▶ What the exercise asks:
Below are several entries. Transcribe exactly those lines that fall from the one with "경제회복을 이끌기로 했다." through the one with "それぞれ真剣な表情でパッティング練習中。スイングチェックしたり気合は十分です。", end lines included.

▶ Supplied data:
________________________

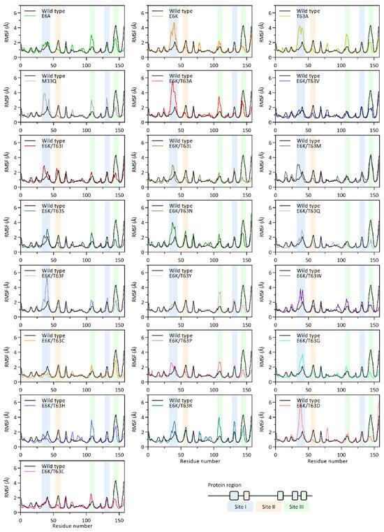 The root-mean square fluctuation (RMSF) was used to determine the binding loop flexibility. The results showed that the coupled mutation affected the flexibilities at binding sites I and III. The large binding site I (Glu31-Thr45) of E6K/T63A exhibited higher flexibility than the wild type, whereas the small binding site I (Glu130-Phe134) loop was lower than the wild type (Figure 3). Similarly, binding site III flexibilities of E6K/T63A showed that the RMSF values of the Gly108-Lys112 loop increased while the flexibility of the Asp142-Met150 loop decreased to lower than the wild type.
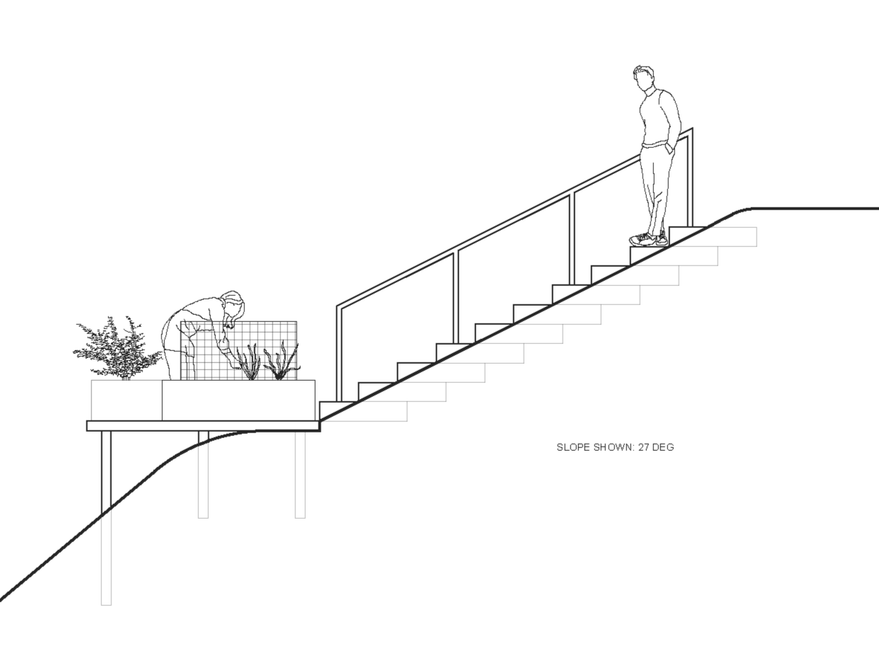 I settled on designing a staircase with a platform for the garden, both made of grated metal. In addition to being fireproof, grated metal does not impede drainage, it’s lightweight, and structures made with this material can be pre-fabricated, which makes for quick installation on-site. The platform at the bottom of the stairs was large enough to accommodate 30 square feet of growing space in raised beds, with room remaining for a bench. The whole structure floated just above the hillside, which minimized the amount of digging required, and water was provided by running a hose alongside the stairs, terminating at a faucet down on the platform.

________________________

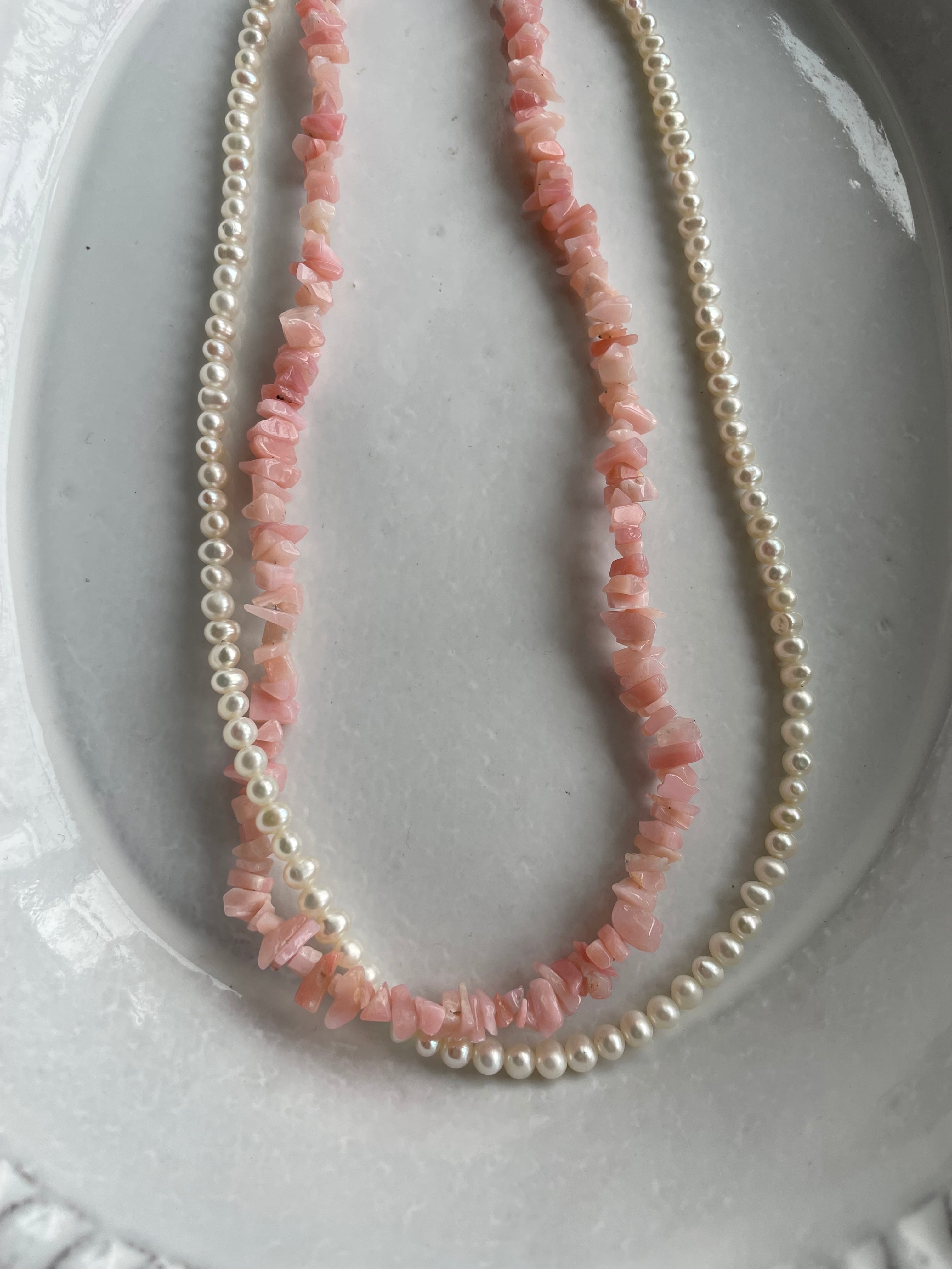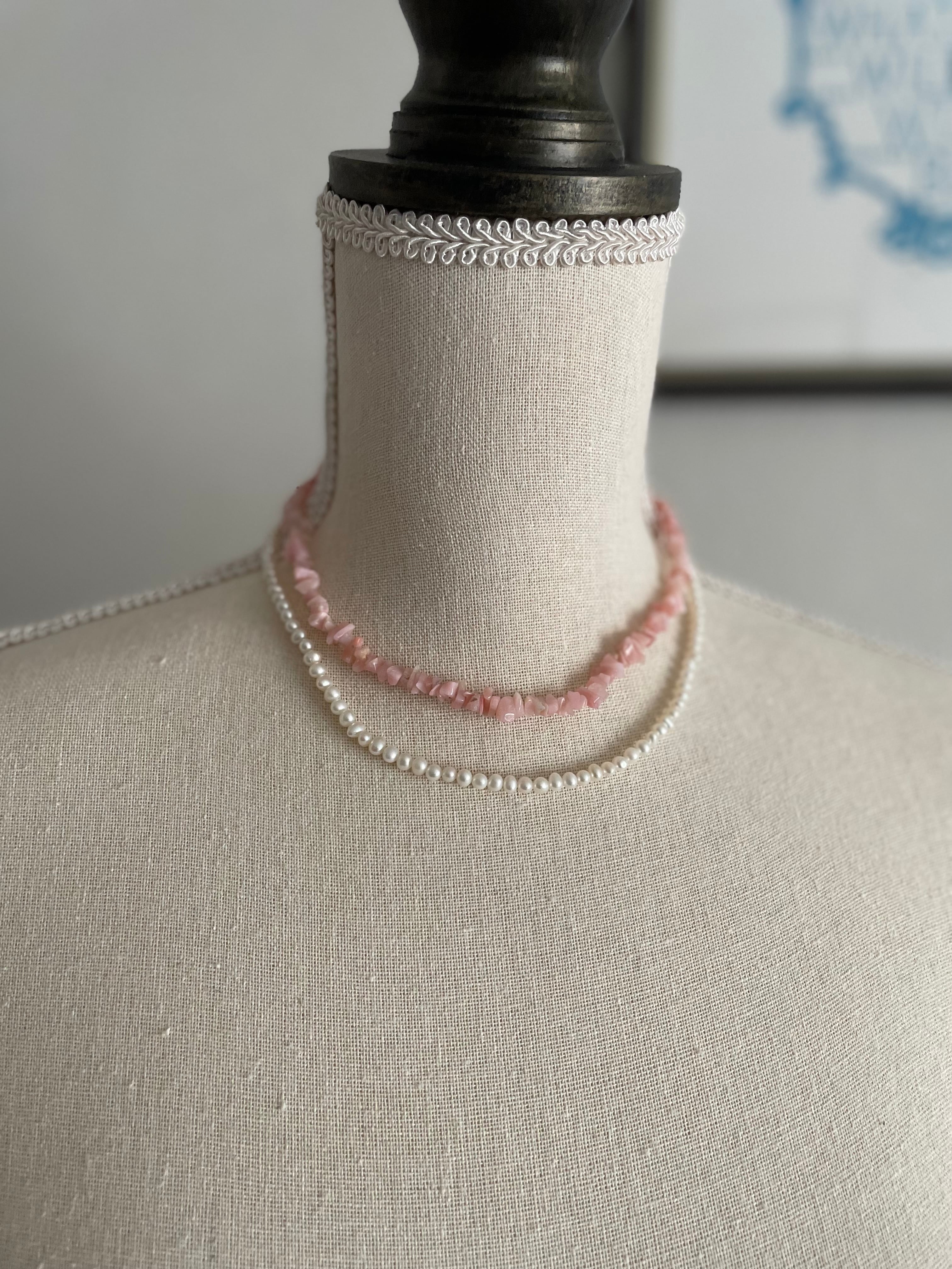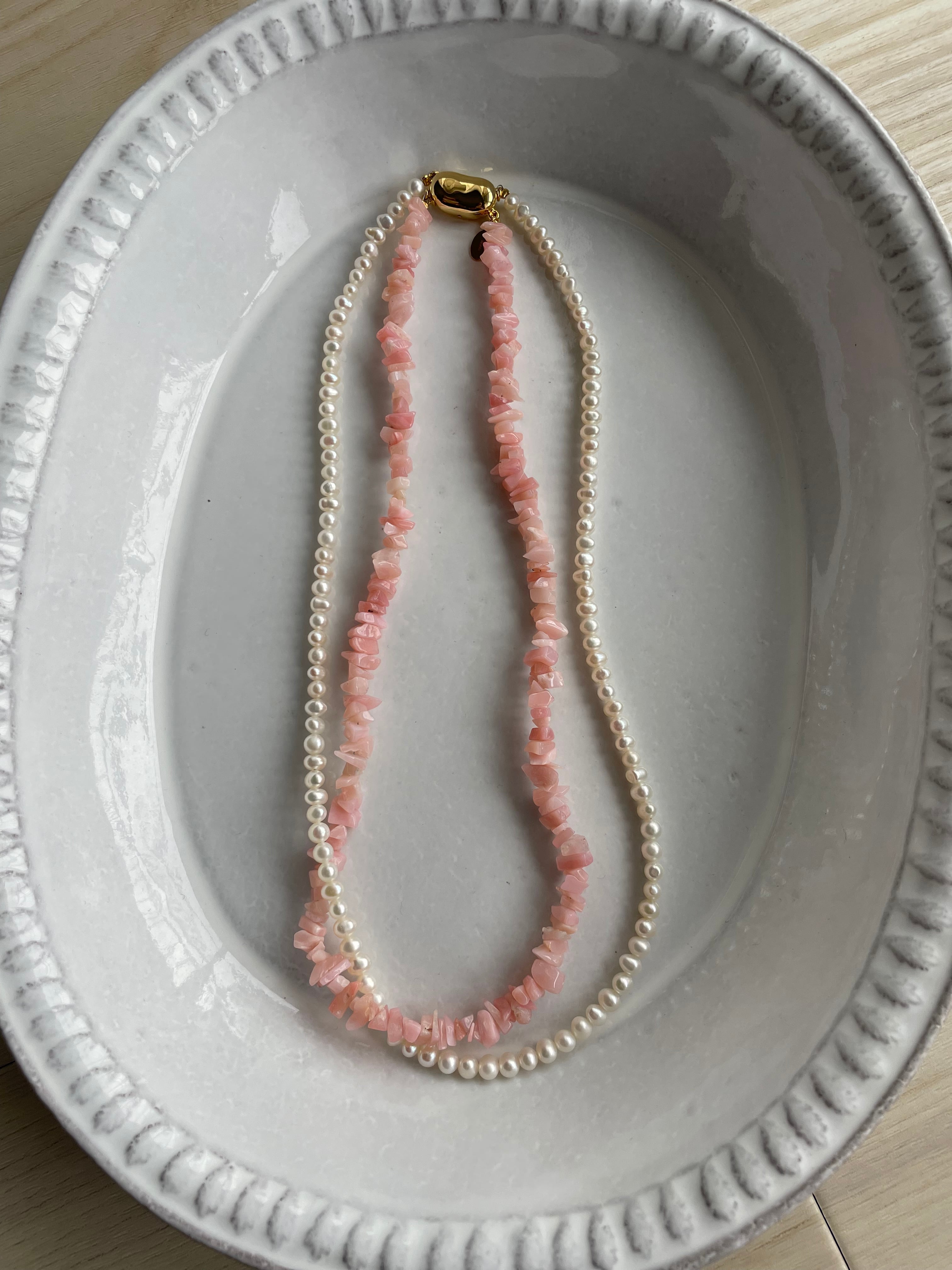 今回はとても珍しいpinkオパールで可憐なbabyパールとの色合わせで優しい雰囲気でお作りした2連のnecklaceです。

________________________

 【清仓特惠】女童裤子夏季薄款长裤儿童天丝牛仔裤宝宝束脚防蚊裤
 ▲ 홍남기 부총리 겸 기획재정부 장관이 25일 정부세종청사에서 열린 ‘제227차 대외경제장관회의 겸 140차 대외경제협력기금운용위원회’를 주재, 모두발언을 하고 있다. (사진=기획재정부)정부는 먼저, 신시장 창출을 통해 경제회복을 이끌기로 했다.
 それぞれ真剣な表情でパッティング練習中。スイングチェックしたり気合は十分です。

________________________

▶ Your solution:
 ▲ 홍남기 부총리 겸 기획재정부 장관이 25일 정부세종청사에서 열린 ‘제227차 대외경제장관회의 겸 140차 대외경제협력기금운용위원회’를 주재, 모두발언을 하고 있다. (사진=기획재정부)정부는 먼저, 신시장 창출을 통해 경제회복을 이끌기로 했다.
 それぞれ真剣な表情でパッティング練習中。スイングチェックしたり気合は十分です。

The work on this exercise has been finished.